In the multi-engine search path (e.g. Comet + MSGF+, optionally + Sage), quantms currently merges per-engine PSMs with `CONSENSUSID` after per-engine `PercolatorAdapter` rescoring, then applies FDR. This generates per-file `CONSENSUSID` fan-out and relies on `IDRipper` when the rescoring step was previously merged per-sample or per-project.

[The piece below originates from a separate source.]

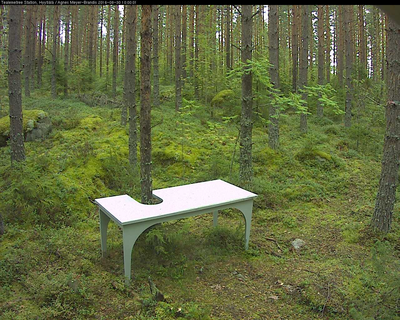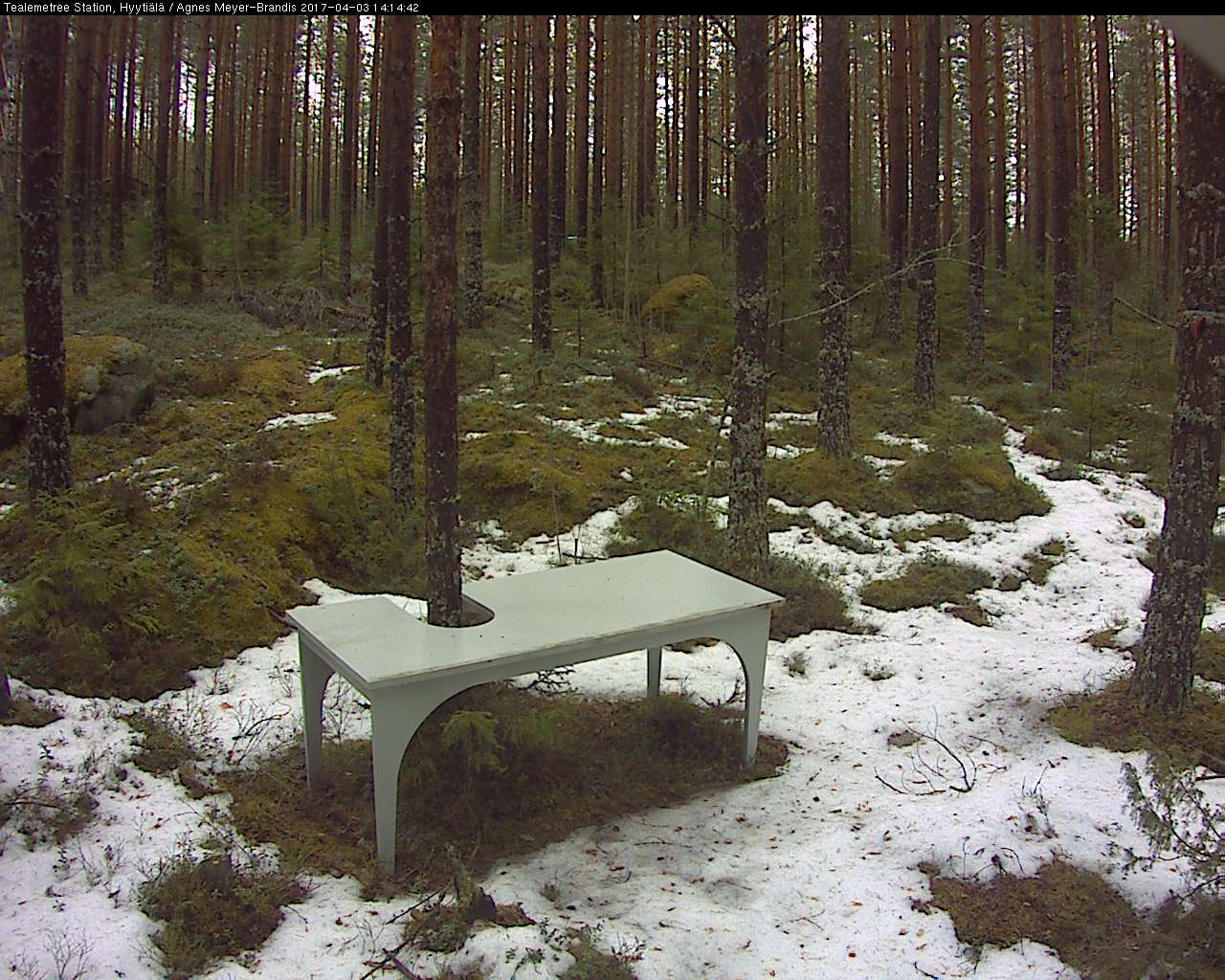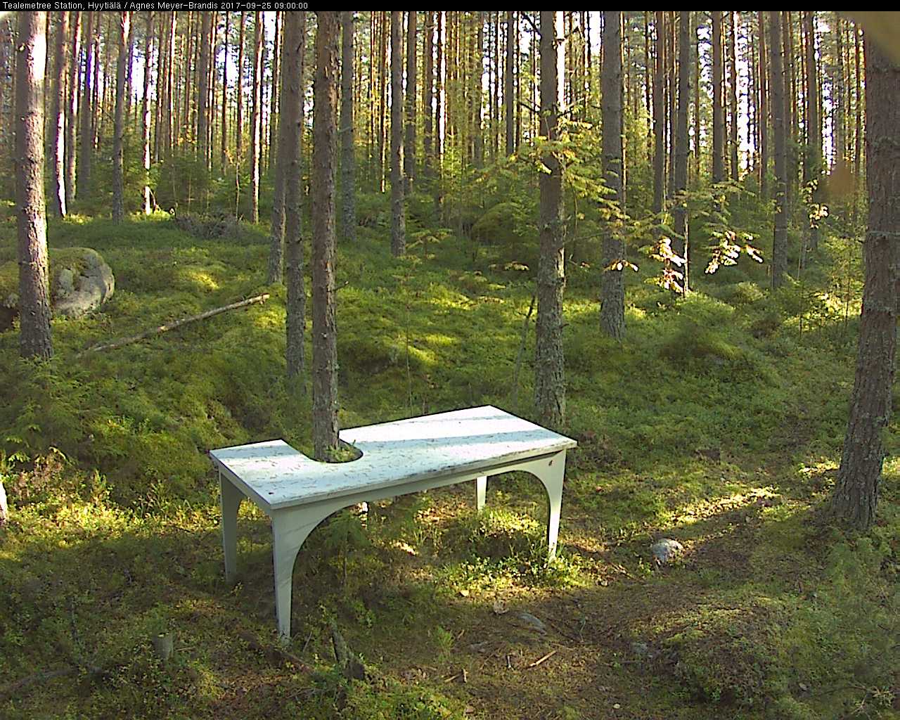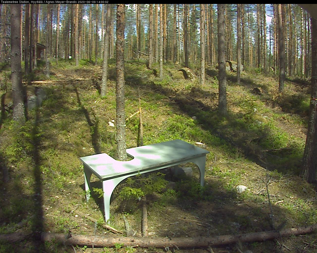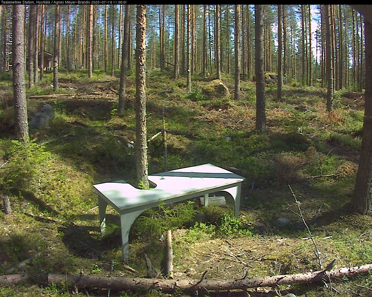 Agnes Meyer-Brandiksen työ Hyytiälässä alkoi tutustumalla aseman muihin tutkijoihin. Pystyäkseen tapaamaan ihmisiä metsässä, hän rakensi pöydän, josta muodostui kohtauspiste ja paikka teehetkille Agneksen ja puun kanssa.

With `ms2features_enable=true` (`quantms-rescoring` via `ms2rescore`), every engine's PSMs receive the same run-invariant features (MS²PIP, DeepLC, precursor-ppm). Those features are numerically comparable across engines by construction, which raises the question: can we simplify the multi-engine path by dropping `CONSENSUSID` and merging engines directly into a single `PercolatorAdapter` call?

This issue is a discussion thread to decide which direction to take.

## What we learned from the OpenMS source

Short version: the naive path `IDMerger → PercolatorAdapter` is **not supported** by OpenMS.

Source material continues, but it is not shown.